What is true in life can also apply to sports, though to a prospector of the links, there is little to quicken the pulse at the first sight of Palatka Golf Club. The view of aging houses along a residential street a short distance from the downtown of the small city that’s the seat of Putnam County in northeast Florida gives way, on the left, to a green expanse and a small one-story clubhouse. But even as one turns through the tiny and full parking lot before finding an empty space in an auxiliary lot across the street, the first fleck of golfing gold appears. On the front of the brick clubhouse, just below the name of the course, are the magical words “Donald Ross 1925.”

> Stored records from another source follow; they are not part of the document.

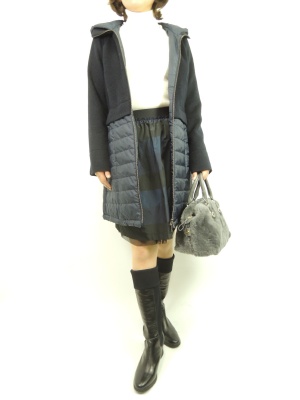 スカートはチュールとのリバーシブルです。シンプルなニットと組み合わせて。コートはワンピース風のお洒落なデザイン、閉じて着用してもOK!エレガンス度90%、フェミニン度10%。
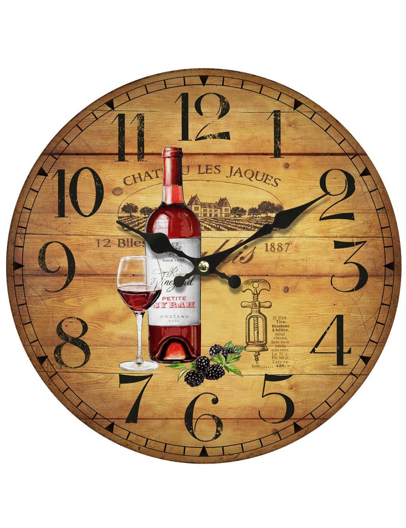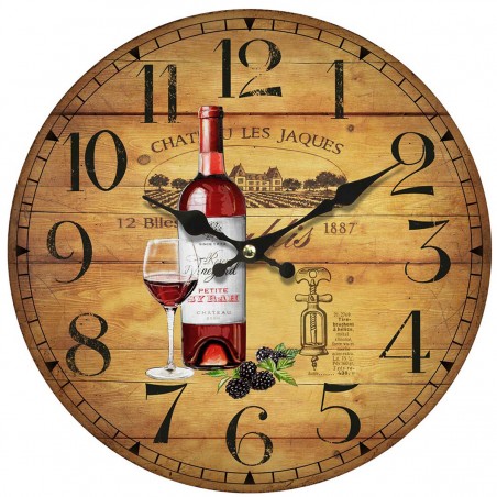 Horloge Murale Décoration Vin Bouteille en Bois de 34cm de diamètre
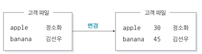 같은 내용의 데이터가 여러 파일에 중복 저장된다. 예를 들어, 고객 관리 담당자는 고객 데이터를 파일에 저장해두고 고객 관리 응용 프로그램을 이용해 고객 관리에 필요한 업무를 처리한다. 마찬가지로 주문 관리 담당자도 주문 내역 데이터를 파일에 저장해두고 주문 관리 응용 프로그램의 도움을 받아 제품 주문과 관련한 업무를 처리한다.
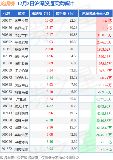 龙虎榜中有沪股通/深股通专用席位(北向资金)现身的个股共19家,其中航天发展以净买入1.4亿元排名第一。详情见下表:
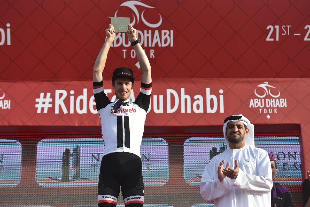 #LastKm of the #AbuDhabiTour stage 3. Close finish between @PhilBauhaus of @TeamSunweb & @MarcelKittel, who doesn’t find the way to win in this 2018. pic.twitter.com/95RZNeR7uu

Ross was a Scotsman who apprenticed with Old Tom Morris at St. Andrews before risking his life savings on a trip to America. In 1899 he was appointed the professional at Oakley Golf Club in Watertown, Massachusetts. After laying out the course that Oakley Country Club’s members walk today, the young Scot moved to the Carolina Sandhills for a job at Pinehurst, a fledgling resort being developed by businessman James Walker Tufts. Ross eventually designed four courses at Pinehurst, with No. 2 remaining his most famous work more than a century later.

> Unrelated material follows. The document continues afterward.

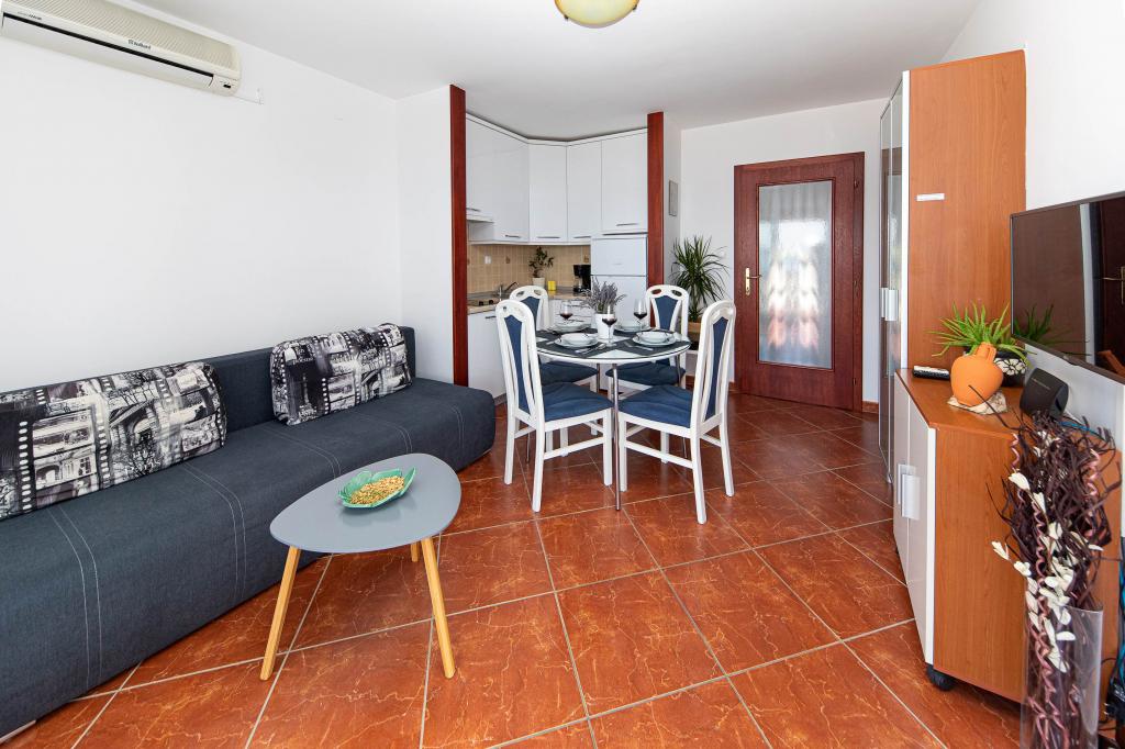 Ein wunderschöner Urlaub, an den wir uns gerne zurückerinnern werden Die Wohnung ist toll, alles was man für einen angenehmen Aufenthalt braucht ist da, sauber, schön eingerichtet. Der Blick auf das Meer vom schönen Balkon ist fantastisch. Der Strand ist schön und geschmückt, Kinderspielplatz nur wenige Gehminuten entfernt. Ruhiger Teil der Stadt. Ein einfacher Spaziergang am Meer entlang zum Zentrum in 15 Minuten Familie Prpić super Gastgeber hilfsbereit und unaufdringlich Wir kommen gerne wieder Wir empfehlen es jedem

Word of his talent quickly spread, and within a few years Ross became the country’s first celebrity golf course architect, employing more than a thousand people every summer, with active projects in multiple states. Along with Pinehurst No. 2, Ross’s most memorable layouts include Aronimink near Philadelphia, Oak Hill in western New York, East Lake in Atlanta, and both Inverness and Oakland Hills in the Midwest. But the prolific Ross also designed scores of lesser known courses, lending his name to more than four hundred links in all.

Many decades later, that productivity instills caution in any golfer hoping to play a Ross design. Whether by the innocent activity of regular overseeding and top dressing of greens and fairways, or by conscious decisions to have later generations of architects alter holes and change course routings, there are more than a few Ross courses that today would be unrecognizable to their creator. Even the iconic No. 2 lost much of its original character as time passed, until a 2011 renovation by Ben Crenshaw and Bill Moore restored Ross’s original waste areas and green contours, in time for the course to become the first ever to host both the men’s and women’s U.S. Opens back-to-back three years later. Anyone can put a sign on a wall, but is Palatka still a Ross design, or just so much golfing pyrite?

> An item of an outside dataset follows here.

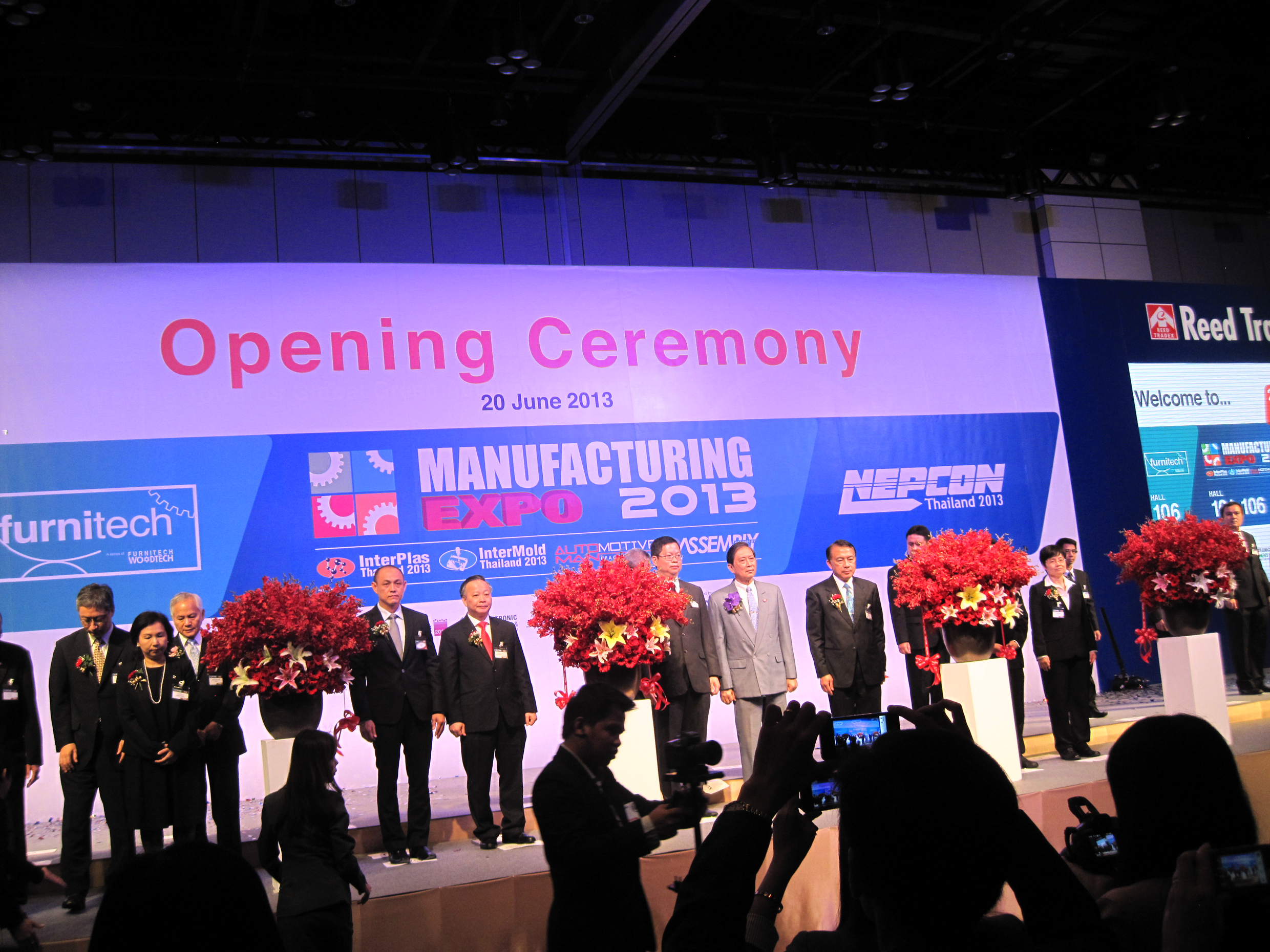開幕式后,會議代表參觀了泰國國際機械制造技術展覽會。本展會由6個專題展組成: (1)ASSEMBLY TECHNOLOGY 2013,作為東南亞唯一的、最大的、關于裝配技術與自動化機械零組件的專業展會,由泰國勵展(Reed Tradex)展覽公司主辦。本屆展會展示自動化和組裝的前沿技術,也是裝配技術與自動化機械零組件及配銷商發掘商機的最佳機會! (2)NEPCON THAILAND 2013(泰國國際電子元器件及生產設備展覽會),展品范圍包括表面貼裝技術設備及服務、測試及測量設備及服務、電子產品生產服務、電子元器件及移動電話元器件、平板顯示模塊及應用、汽車部件及元器件生產技術、精密部件及金屬部件相關產品、汽車檢測與維護儀器及設備相關電子設備、汽車產業相關軟件及電子設計、車載電子組件及車載通訊導航系統、發動機控制系統。 (3)Automotive Manufacturing2013(泰國國際汽車生產制造、機械工具展),致力于展示汽車零部件和電子零件制造技術。 (4)InterPlas Thailand 2013(泰國國際塑料及橡膠機械展),致力于展示塑料和橡膠前沿生產技術。中國的塑料原材料廠商和塑料機械廠商也積極參與東南亞市場的貿易交流與合作。 (5)InterMold Thailand2013(泰國國際模具展),東南亞唯一針對模具生產的機械技術行業展會。本展會與上述展會同期盛大舉行,提供了在國際買主及賣方聚集的平臺,在摸具展中有許多中國的模具制造商積極展示他們的產品和技術。 (6)Industrial Components Subcontracting 2013 (工業、零部件、分包展覽會)。展會期間,還隆重舉辦了Surface & Coatings Forum 2013 (表面處理和涂層論壇)。  展會現場                                             |

The answer comes as soon as one strolls up the gentle rise of the opening fairway and approaches the first green. The design is classic Ross. The putting surface is raised slightly, and while from the distance of the approach shot the green looks large, it drops off on all sides, making the actual target much smaller. The steepest drop is at the very front, meaning many golfers have thought their ball would run up near the hole only to watch it stop and roll back into the fairway. Ross greens almost always have a false front and the overall crowned affect, like nothing so much as a dinner plate turned upside down.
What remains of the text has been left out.